In the Jiangnan region of China, swamp eels are a delicacy, usually cooked in stirfries or casseroles. The recipe usually calls for garlic, scallions, bamboo shoots, rice wine, sugar, starch, and soy sauce with prodigious amounts of vegetable oil. It is popular in the region from Shanghai to Nanjing. The Chinese name in pinyin of this dish is chao shan hu. The name of the swamp eel is shan yu or huang shan.

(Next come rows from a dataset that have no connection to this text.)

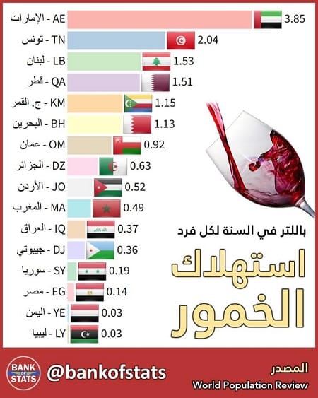حل الأردن في المرتبة التاسعة عربيا، معدل الاستهلاك المتوسط للكحول لكل فرد في السنة، وفق موقع بانك اوف ستاتس.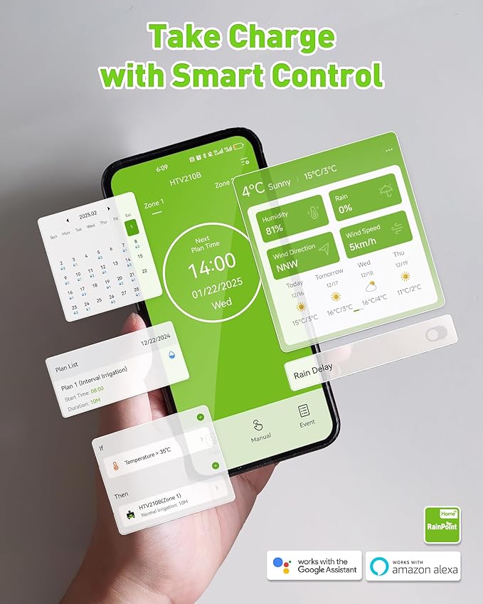 - 【Irrigation Made Smarter】 Use Smart Scenes to both automatically adjust your watering schedule based on weather conditions and to enable linkage between multiple RainPoint devices, making your garden system smarter.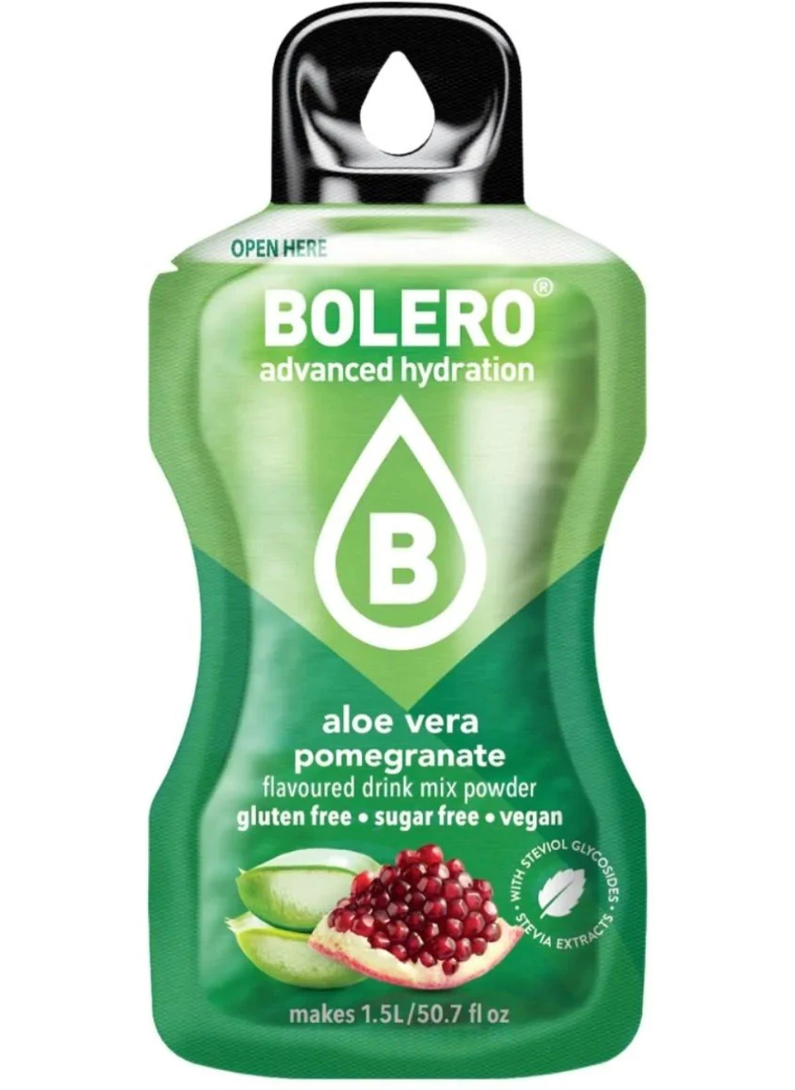 Bolero Instant Drink Sticks Aloe Vera Pomegranate to innowacyjny produkt w formie proszku, przeznaczony do sporządzania napojów o smaku aloesu i granatu. Dostępny jest on w opakowaniu o wadze 3 gramów, z którego można przyrządzić do 1,5 l napoju.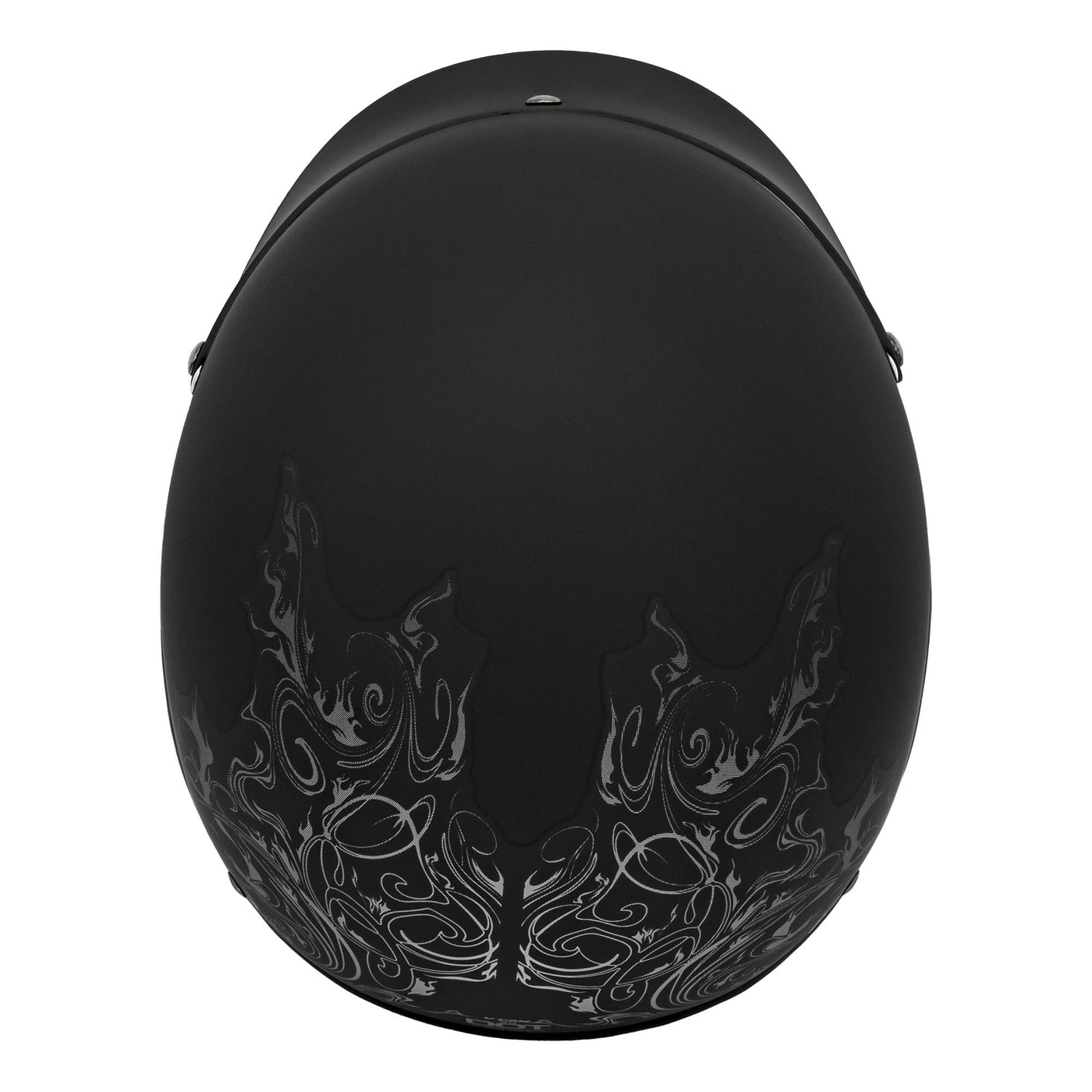 VCAN Cruiser Solid Flat Black Half Face Motorcycle Helmet (Scramble Line, X-Large)
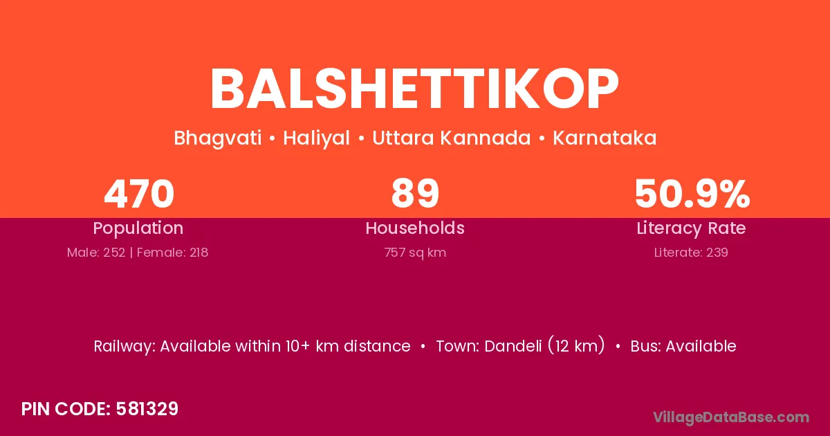 Dandeli (12 km) is the nearest town to Balshettikop village for major economic activities and is located approximately 12 km away.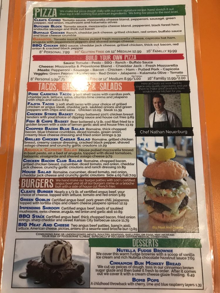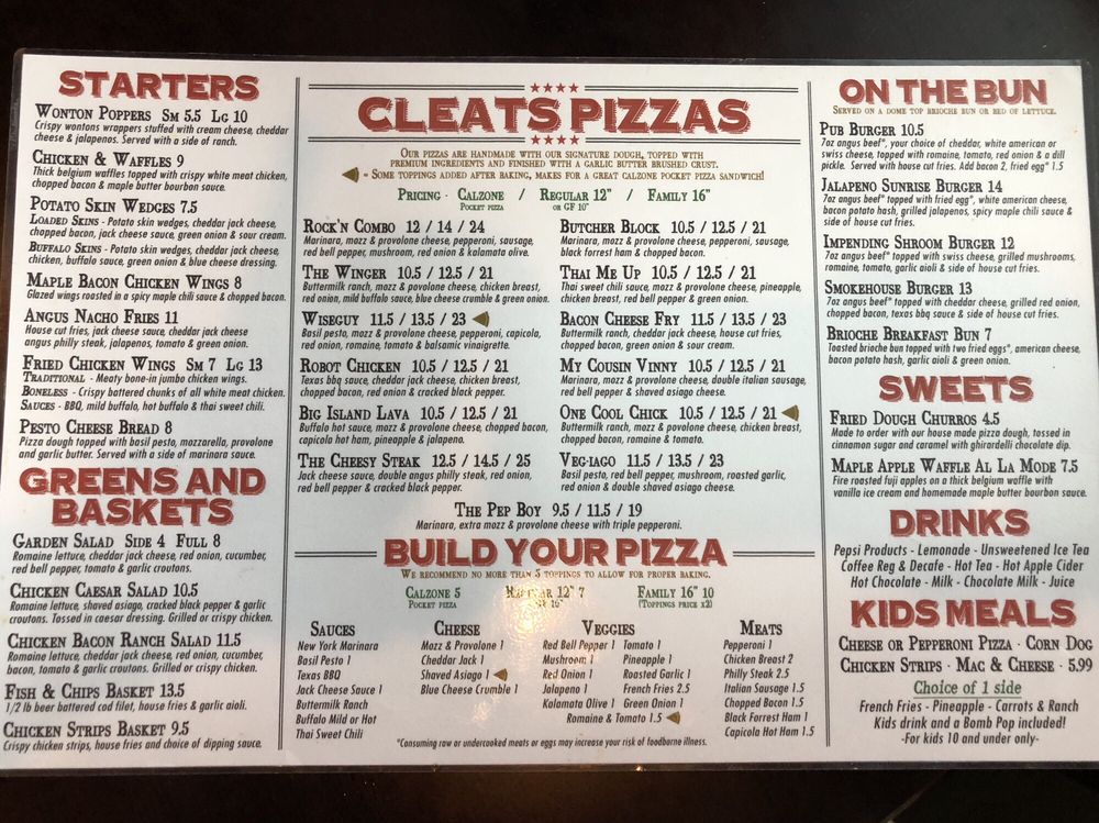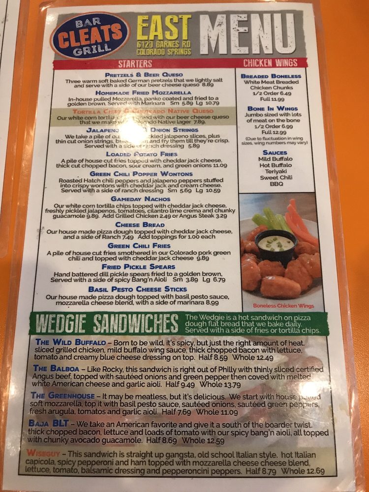 Cleats Bar & Grill East Menu (Update 2025)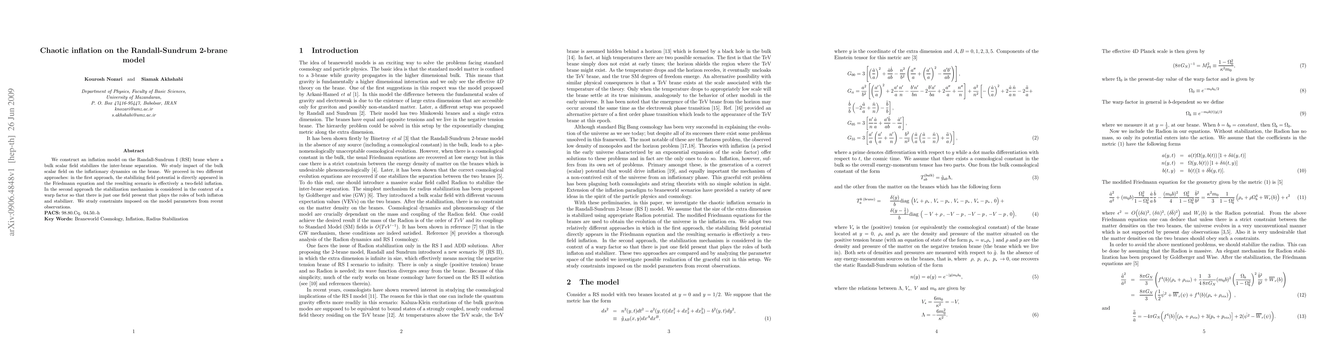This paper constructs an inflationary model on the Randall-Sundrum I brane using a bulk scalar field to stabilize the inter-brane separation. It explores two approaches: one treating the stabilization as a two-field inflation and the other as a single-field scenario with a warp factor, and analyzes observational constraints on the model parameters.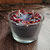 Die Kerze ist mit 2 Dochten versehen und hat einen Durchmesser von etwa 8,5 cm, das Glas ein Volumen von ca. 230 ml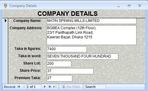 এই ফর্মে শেয়ার ইস্যুয়ার কোম্পানীর Name, Address, Total Amount, Amount in words, Share Lot, Per Share Price and Premium টাইপ করতে হবে। Premium যদি থাকে ঐ Amount টাই টাইপ করতে হবে, না থাকলে Premium এর ঘরে 0.00 বসিয়ে দিতে হবে। এই ফর্মে শুধুমাত্র একটি ইস্যুয়ার কোম্পানীর রেকর্ড Add করতে হবে। পরবর্তীতে আরেকটা IPO আসলে বর্তমান ইনফরমেশন গুলো ডিলিট করে দিয়ে নতুন ইস্যুয়ার কোম্পানীর ইনফরমেশনগুলো টাইপ করতে হবে।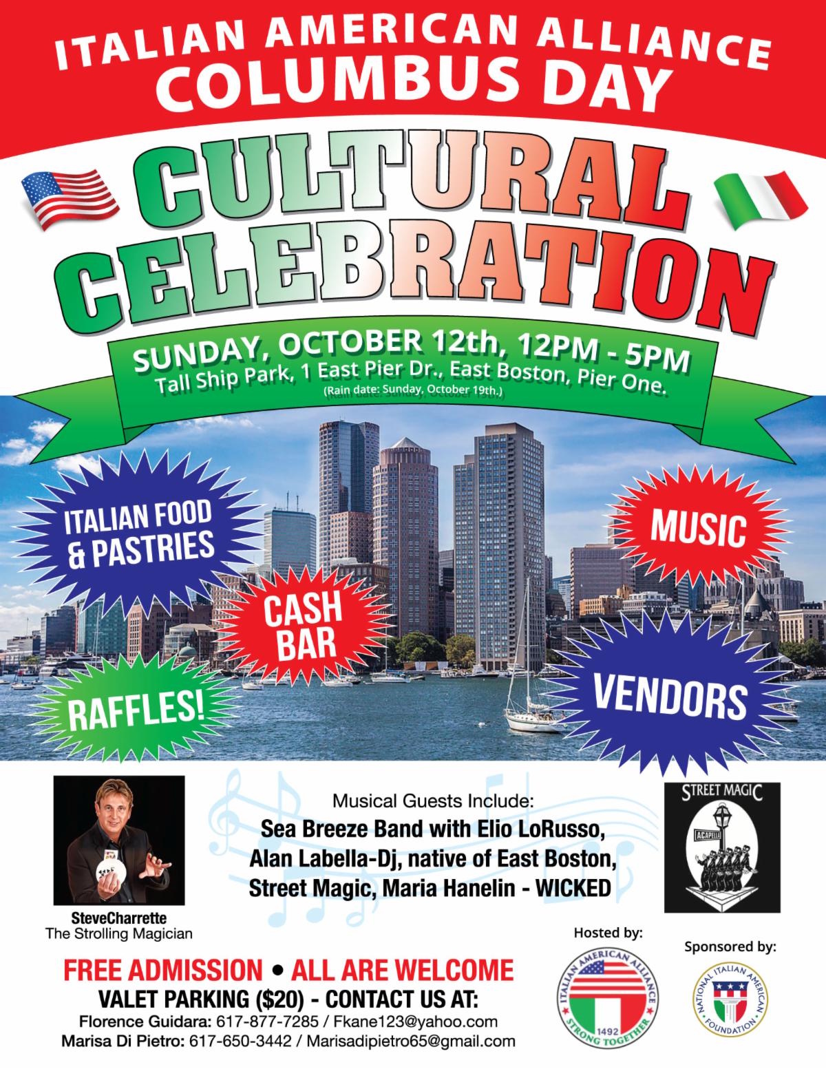 Italian American Alliance hosts Columbus Day Celebration By admin - September 24, 2025 74 Date: October 12, 2025 Time: 12:00 pm - 5:00 pm Calendar: East Boston

In Assam swamp eels are considered a delicacy and prepared as curry or dry fry. It is believed there that these are good source of iron and good for blood deficiency.

== Conservation status ==
As of 2021, eleven species were listed by the IUCN as species of special concern: Typhlosynbranchus boueti (Liberian swamp eel), Rakthamichthys indicus (Malabar swamp eel), Rakthamichthys roseni, Rakthamichthys digressus, and Ophichthys hodgarti have been classified as data deficient, meaning that they require more study to determine their conservation status. Ophichthys indicus (Bombay swamp eel) is classified as vulnerable. Ophichthys fossorius (Malabar swampeel), Ophisternon infernale (blind swamp eel), Ophisternon candidum (the blind cave eel), and Ophisternon afrum (Guinea swamp eel) are classified as endangered. Ophichthys desilvai (Desilvai's blind eel) is classified as critically endangered.

On the other side of the endangerment issue, invasive Asian swamp eels in Florida are a major threat to populations of crayfish and some other small species.